In the records below, repeat exactly the lines between the line holding "Volume transaksi harian" and the line holding "Zdobiony białymi piórami", inclusive, and drop the pictures.

▸ **Dataset records**
◇ ◇ ◇ ◇ ◇ ◇ ◇
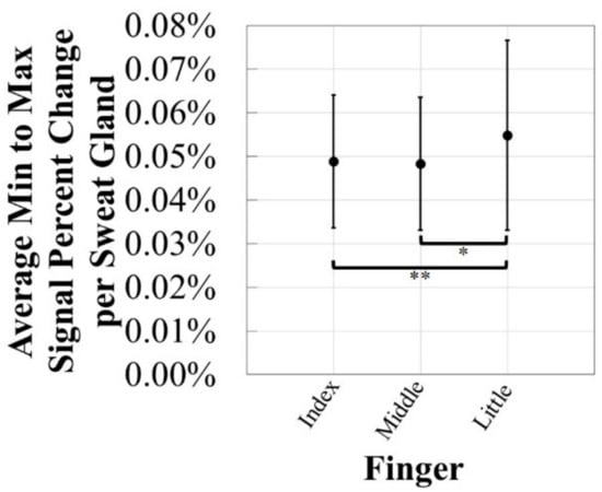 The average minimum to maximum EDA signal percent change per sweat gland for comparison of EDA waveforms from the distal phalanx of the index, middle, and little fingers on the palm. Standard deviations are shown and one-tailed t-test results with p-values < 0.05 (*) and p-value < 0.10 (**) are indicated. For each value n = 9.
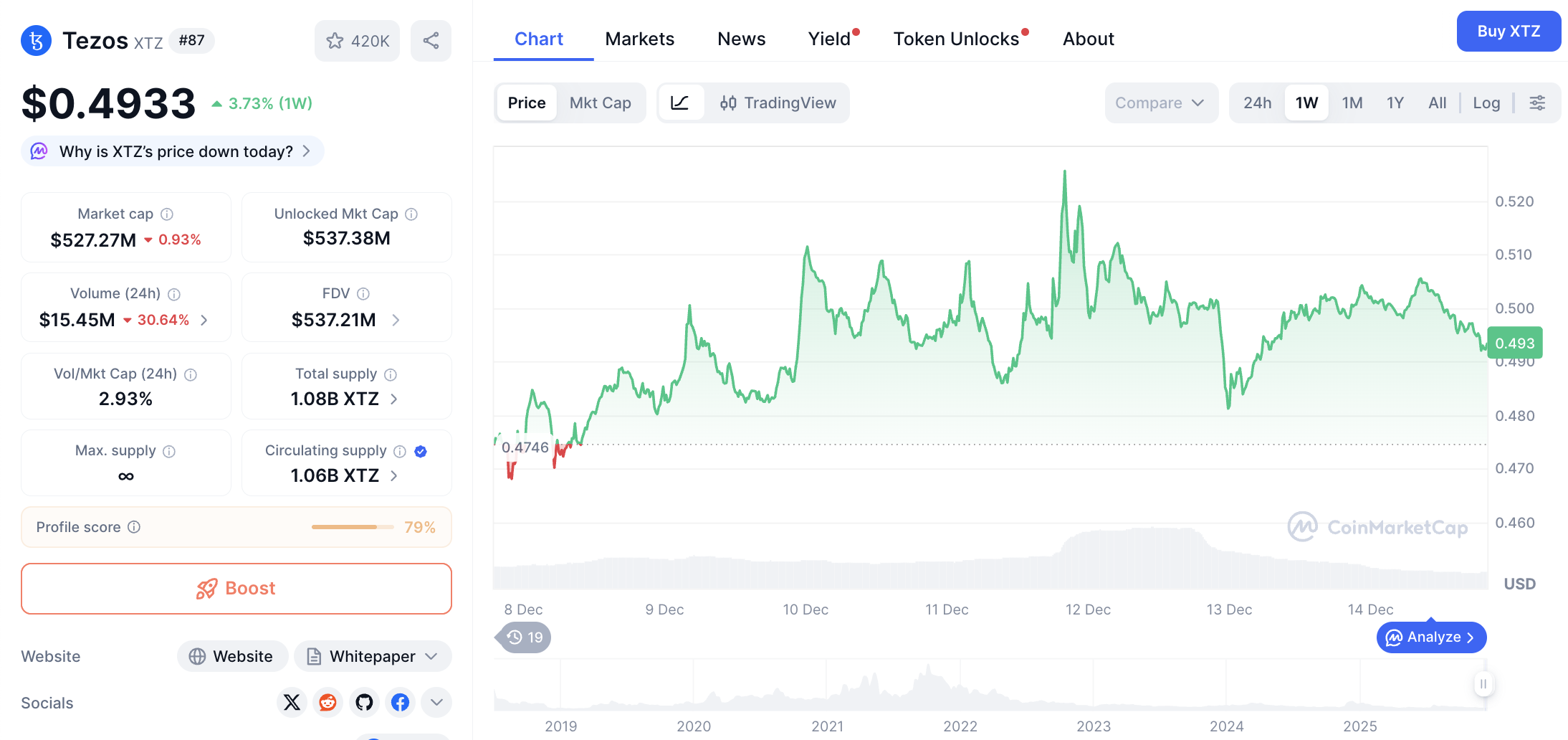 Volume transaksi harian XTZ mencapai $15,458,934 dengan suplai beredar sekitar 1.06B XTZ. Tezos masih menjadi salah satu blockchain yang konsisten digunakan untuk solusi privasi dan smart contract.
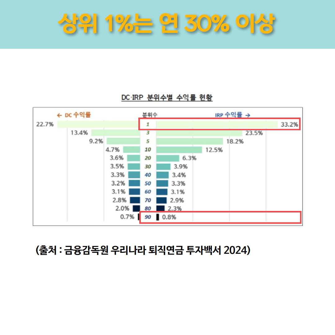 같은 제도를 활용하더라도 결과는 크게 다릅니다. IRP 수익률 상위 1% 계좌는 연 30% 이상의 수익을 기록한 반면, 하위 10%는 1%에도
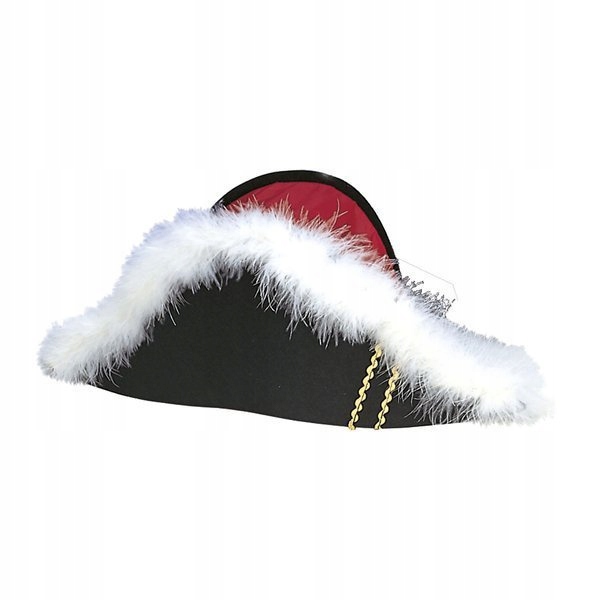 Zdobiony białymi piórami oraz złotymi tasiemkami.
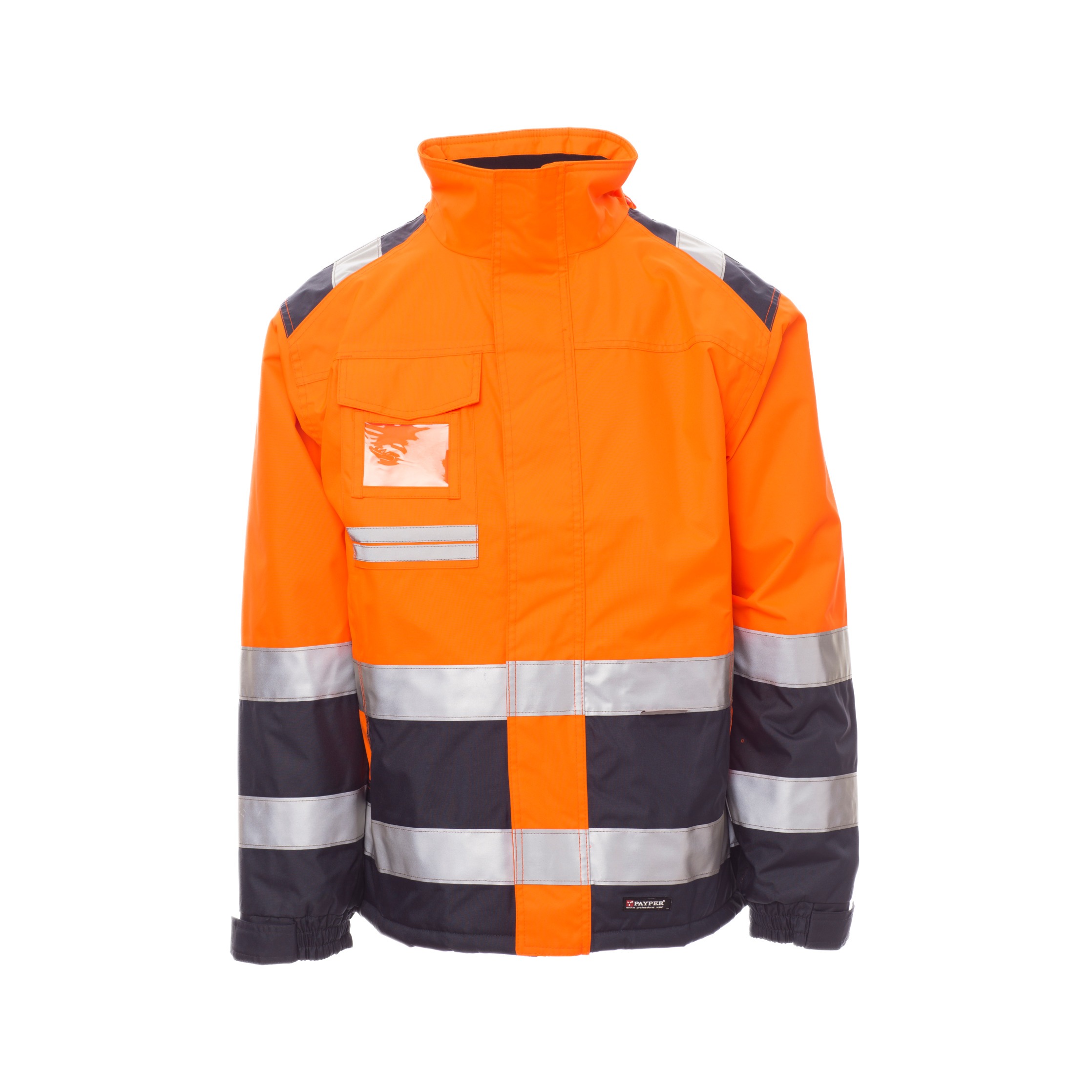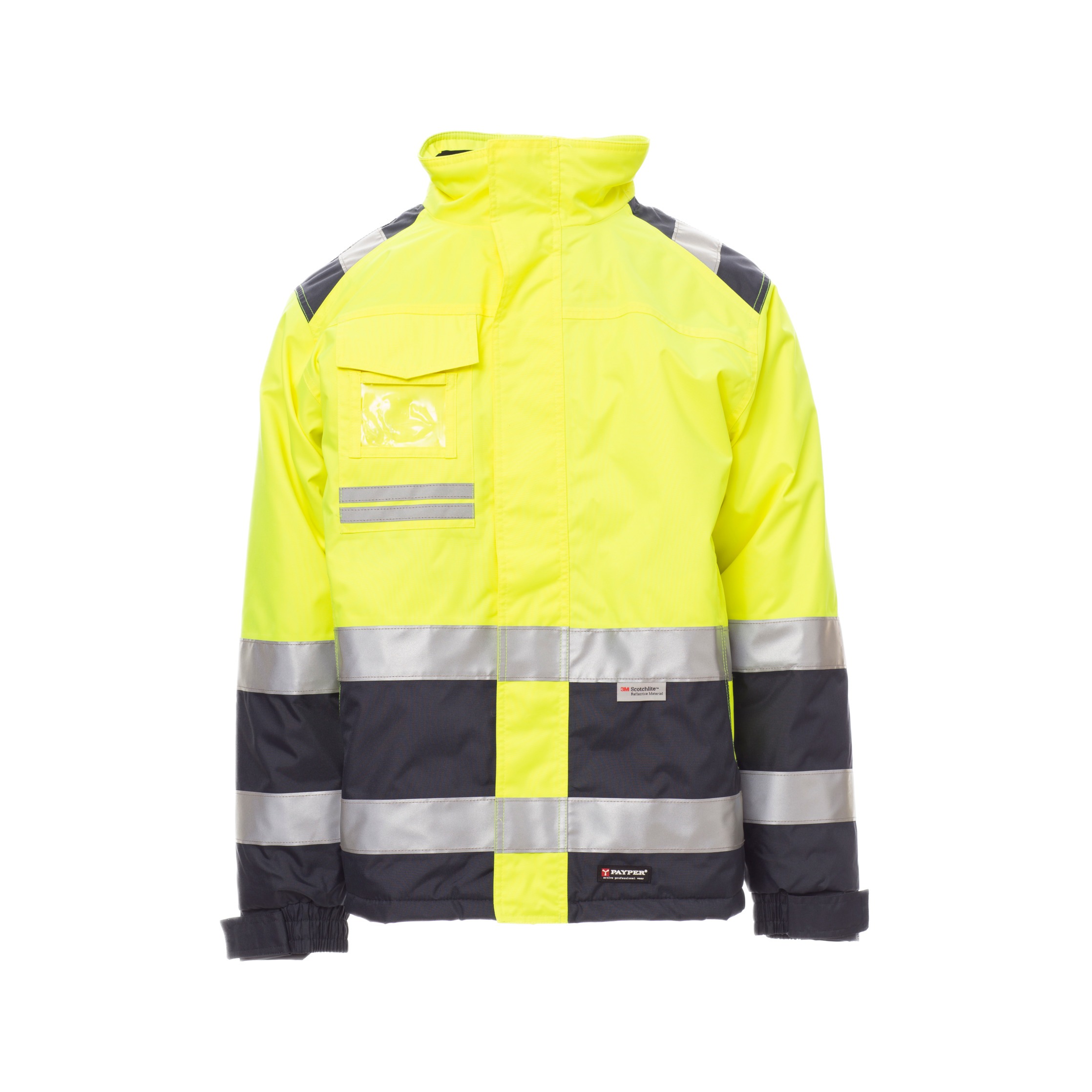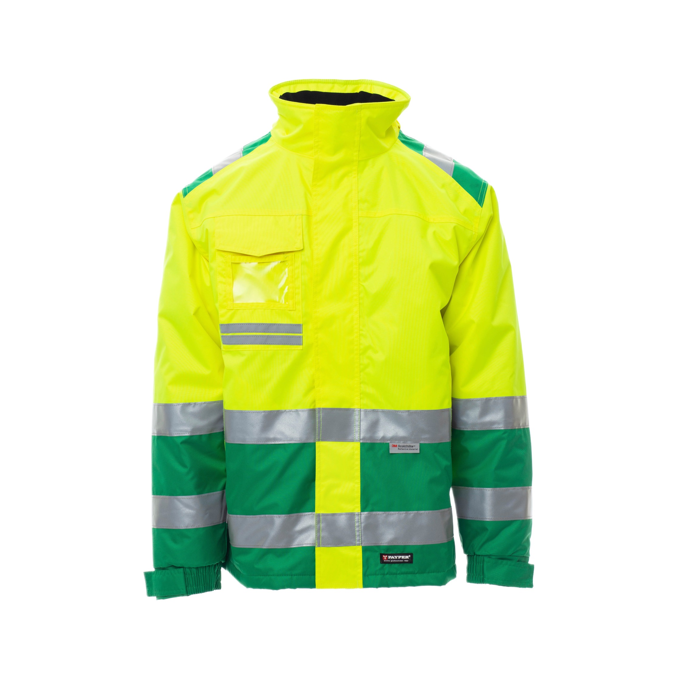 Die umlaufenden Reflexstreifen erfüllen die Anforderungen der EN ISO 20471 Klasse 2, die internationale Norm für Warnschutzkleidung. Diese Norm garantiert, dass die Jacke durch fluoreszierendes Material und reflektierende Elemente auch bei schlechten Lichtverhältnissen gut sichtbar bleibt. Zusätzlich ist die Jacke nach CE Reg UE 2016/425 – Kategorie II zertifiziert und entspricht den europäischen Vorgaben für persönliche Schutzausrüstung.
◇ ◇ ◇ ◇ ◇ ◇ ◇
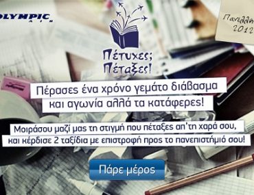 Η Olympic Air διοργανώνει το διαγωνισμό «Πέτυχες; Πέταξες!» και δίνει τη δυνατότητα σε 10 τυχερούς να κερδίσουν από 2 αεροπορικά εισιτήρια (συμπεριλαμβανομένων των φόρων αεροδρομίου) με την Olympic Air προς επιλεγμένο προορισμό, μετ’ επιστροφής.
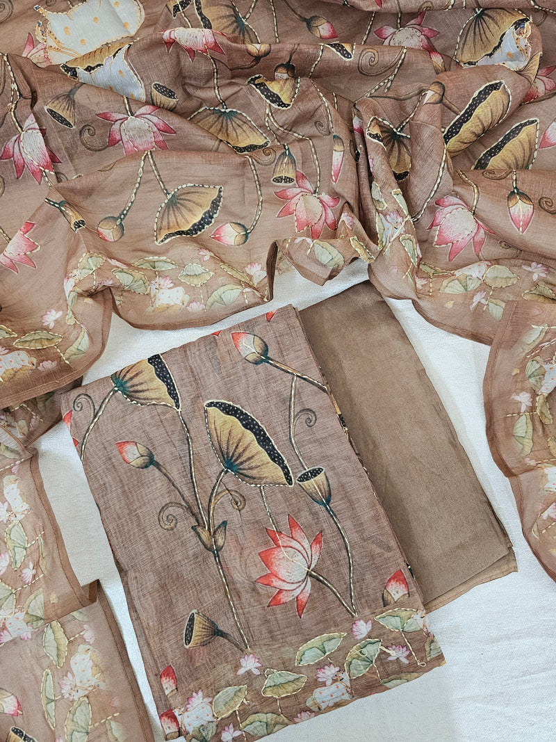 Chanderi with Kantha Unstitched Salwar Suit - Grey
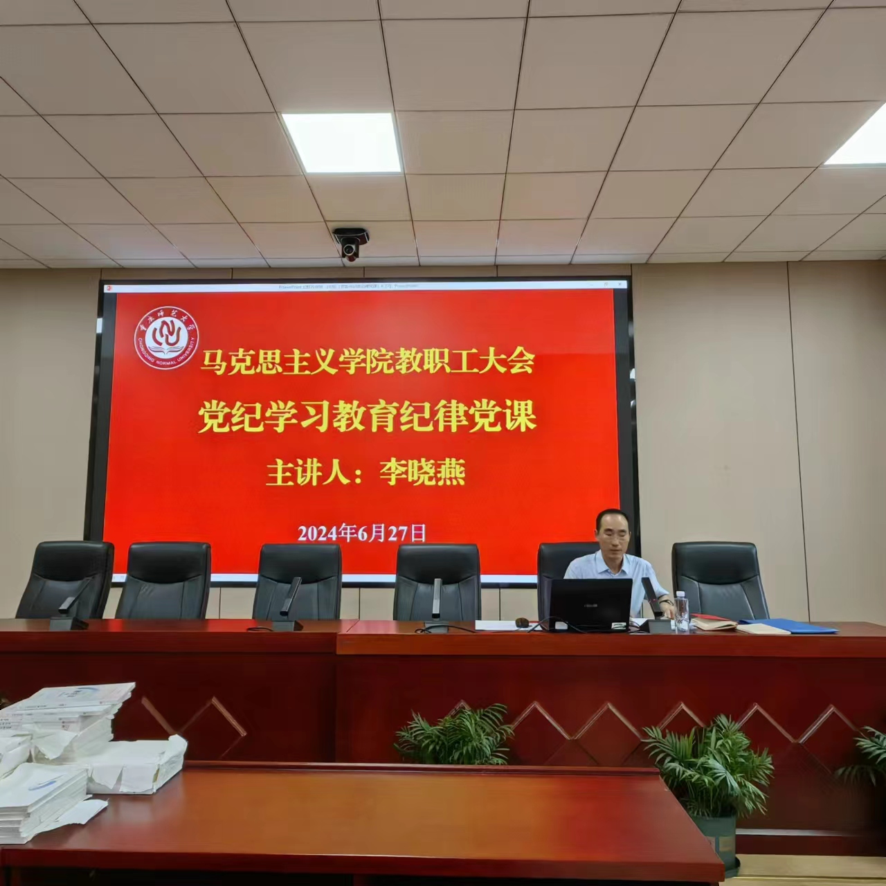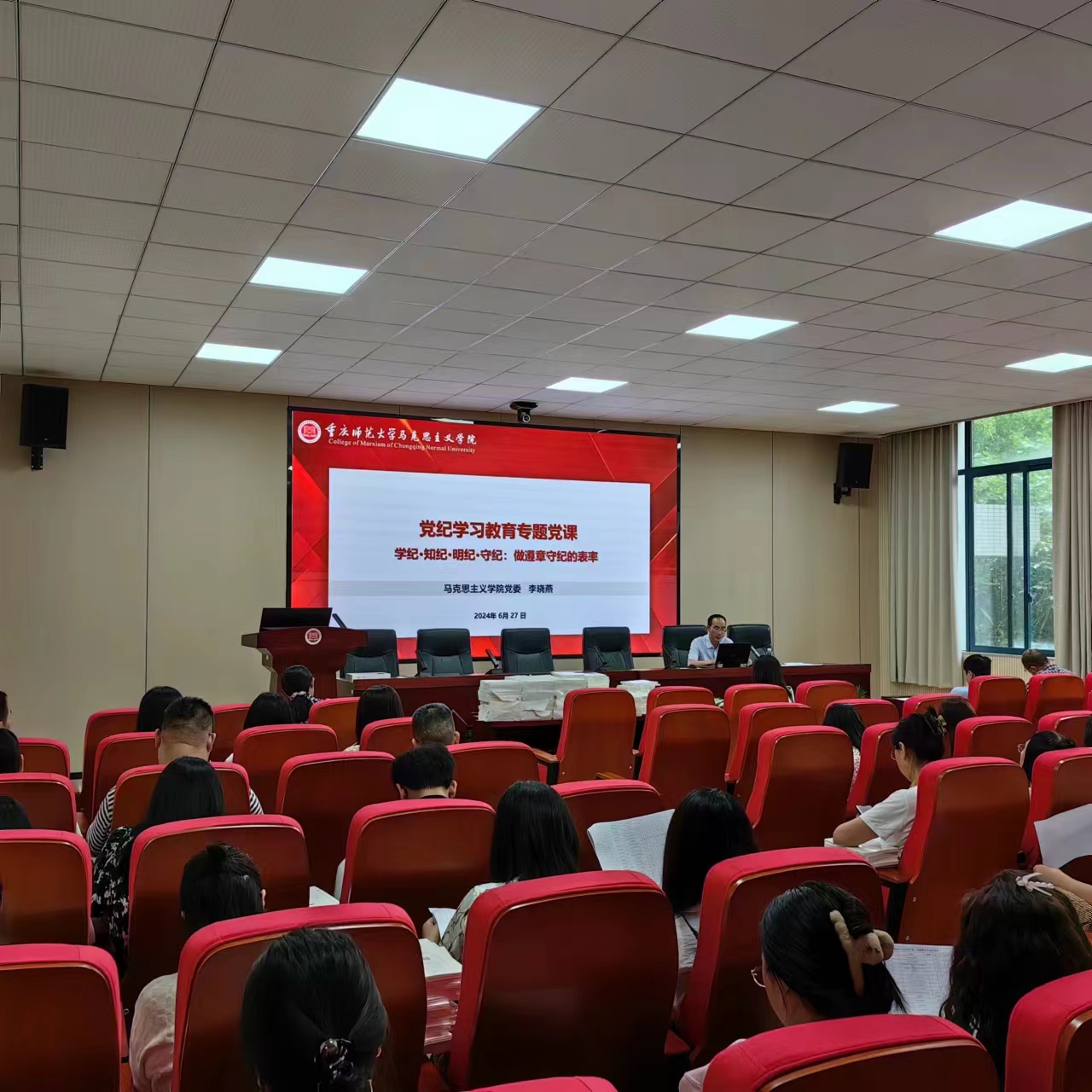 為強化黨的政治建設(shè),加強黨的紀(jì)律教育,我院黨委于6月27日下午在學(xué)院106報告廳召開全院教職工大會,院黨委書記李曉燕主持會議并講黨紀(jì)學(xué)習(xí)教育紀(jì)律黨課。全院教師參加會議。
◇ ◇ ◇ ◇ ◇ ◇ ◇
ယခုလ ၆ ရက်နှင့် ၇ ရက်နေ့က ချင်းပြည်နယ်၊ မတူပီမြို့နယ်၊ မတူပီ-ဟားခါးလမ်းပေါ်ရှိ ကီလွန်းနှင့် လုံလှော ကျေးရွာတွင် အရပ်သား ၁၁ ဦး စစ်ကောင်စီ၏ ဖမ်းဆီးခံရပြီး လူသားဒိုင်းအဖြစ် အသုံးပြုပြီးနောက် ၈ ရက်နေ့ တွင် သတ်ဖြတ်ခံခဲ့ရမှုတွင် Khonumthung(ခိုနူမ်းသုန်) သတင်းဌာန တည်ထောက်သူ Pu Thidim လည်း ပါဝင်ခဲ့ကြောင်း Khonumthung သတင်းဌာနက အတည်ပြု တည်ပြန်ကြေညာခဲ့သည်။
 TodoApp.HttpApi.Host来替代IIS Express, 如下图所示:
◇ ◇ ◇ ◇ ◇ ◇ ◇
▸ **Your response**
 Volume transaksi harian XTZ mencapai $15,458,934 dengan suplai beredar sekitar 1.06B XTZ. Tezos masih menjadi salah satu blockchain yang konsisten digunakan untuk solusi privasi dan smart contract.
 같은 제도를 활용하더라도 결과는 크게 다릅니다. IRP 수익률 상위 1% 계좌는 연 30% 이상의 수익을 기록한 반면, 하위 10%는 1%에도
 Zdobiony białymi piórami oraz złotymi tasiemkami.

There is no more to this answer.